Skip the pictures. Give all the data again exactly.

## DATASET CONTENT

== == ==

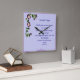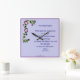 Purple flowers, serenity prayer, clock
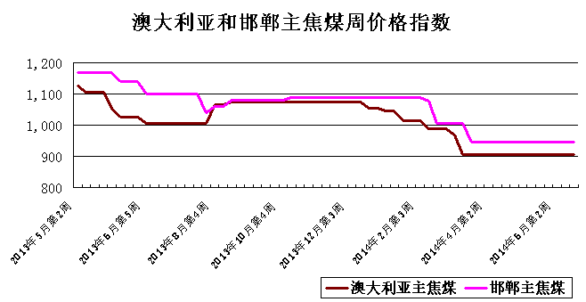 截至2014年6月第4周,澳大利亞主焦煤價格指數為905,與前一周相比持平;與此同時,中國邯鄲主焦煤價格指數為945,與前一周相比持平。
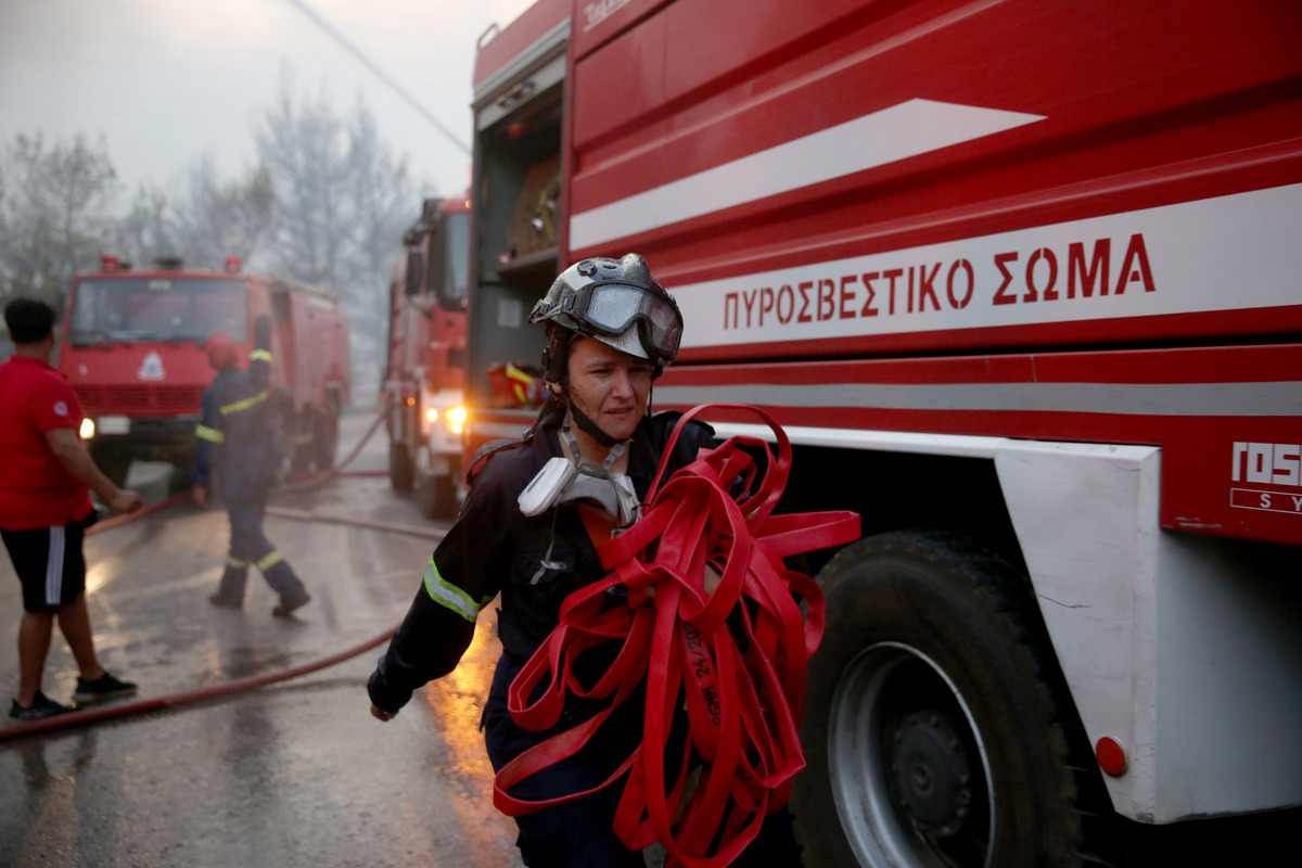 Πυροσβέστες ετοιμάζονται για να σβήσουν την φωτιά που ξέσπασε σε δασική έκταση στην περιοχή της Βαρυμπόμπης, Τρίτη 03 Αυγούστου 2021. Σε εξέλιξη είναι η πυρκαγιά σε δασική έκταση στην Βαρυμπόμπη, όπου οι ισχυρές πυροσβεστικές δυνάμεις δίνουν μάχη για να περιορίσουν την εξάπλωσή της, κυρίως με τα εναέρια μέσα που κάνουν συνεχώς ρίψεις νερού. Ταυτόχρονα η Πολιτική Προστασία έστειλε μήνυμα πριν από λίγο μέσω του ευρωπαϊκού αριθμού έκτακτης ανάγκης 112, στους κατοίκους της περιοχής να κλείσουν καμινάδες, πόρτες και παράθυρα για να μην μπουν καύτρες στα σπίτια τους. Υπενθυμίζεται ότι στο μέτωπο της πυρκαγιάς επιχειρούν 350 πυροσβέστες με 70 οχήματα, 10 ομάδες πεζοπόρων τμημάτων και από αέρος 4 ελικόπτερα και 4 αεροσκάφη μεταξύ των οποίων και το ρωσικό Beriev-200, ενώ συντονίζει ο αρχηγός του ΠΣ Στέφανος Κολοκούρης. Παράλληλα η Αστυνομία έχει διακόψει την κυκλοφορία λόγω της πυρκαγιάς στους δρόμους: Τατοΐου από Λ. Κύμης έως την οδό Ερυθραίας, στην Ερυθραίας από το ύψος της γέφυρας Βαρυμπόμπης και στην Τατοΐου από την οδό Πάρνηθος (Ιπποκράτειο Πολιτεία- ταβέρνα Λάμπρος). ΑΠΕ-ΜΠΕ/ΑΠΕ-ΜΠΕ/ΟΡΕΣΤΗΣ ΠΑΝ

== == ==

## SOLUTION FOR THIS PROBLEM
 Purple flowers, serenity prayer, clock
 截至2014年6月第4周,澳大利亞主焦煤價格指數為905,與前一周相比持平;與此同時,中國邯鄲主焦煤價格指數為945,與前一周相比持平。
 Πυροσβέστες ετοιμάζονται για να σβήσουν την φωτιά που ξέσπασε σε δασική έκταση στην περιοχή της Βαρυμπόμπης, Τρίτη 03 Αυγούστου 2021. Σε εξέλιξη είναι η πυρκαγιά σε δασική έκταση στην Βαρυμπόμπη, όπου οι ισχυρές πυροσβεστικές δυνάμεις δίνουν μάχη για να περιορίσουν την εξάπλωσή της, κυρίως με τα εναέρια μέσα που κάνουν συνεχώς ρίψεις νερού. Ταυτόχρονα η Πολιτική Προστασία έστειλε μήνυμα πριν από λίγο μέσω του ευρωπαϊκού αριθμού έκτακτης ανάγκης 112, στους κατοίκους της περιοχής να κλείσουν καμινάδες, πόρτες και παράθυρα για να μην μπουν καύτρες στα σπίτια τους. Υπενθυμίζεται ότι στο μέτωπο της πυρκαγιάς επιχειρούν 350 πυροσβέστες με 70 οχήματα, 10 ομάδες πεζοπόρων τμημάτων και από αέρος 4 ελικόπτερα και 4 αεροσκάφη μεταξύ των οποίων και το ρωσικό Beriev-200, ενώ συντονίζει ο αρχηγός του ΠΣ Στέφανος Κολοκούρης. Παράλληλα η Αστυνομία έχει διακόψει την κυκλοφορία λόγω της πυρκαγιάς στους δρόμους: Τατοΐου από Λ. Κύμης έως την οδό Ερυθραίας, στην Ερυθραίας από το ύψος της γέφυρας Βαρυμπόμπης και στην Τατοΐου από την οδό Πάρνηθος (Ιπποκράτειο Πολιτεία- ταβέρνα Λάμπρος). ΑΠΕ-ΜΠΕ/ΑΠΕ-ΜΠΕ/ΟΡΕΣΤΗΣ ΠΑΝ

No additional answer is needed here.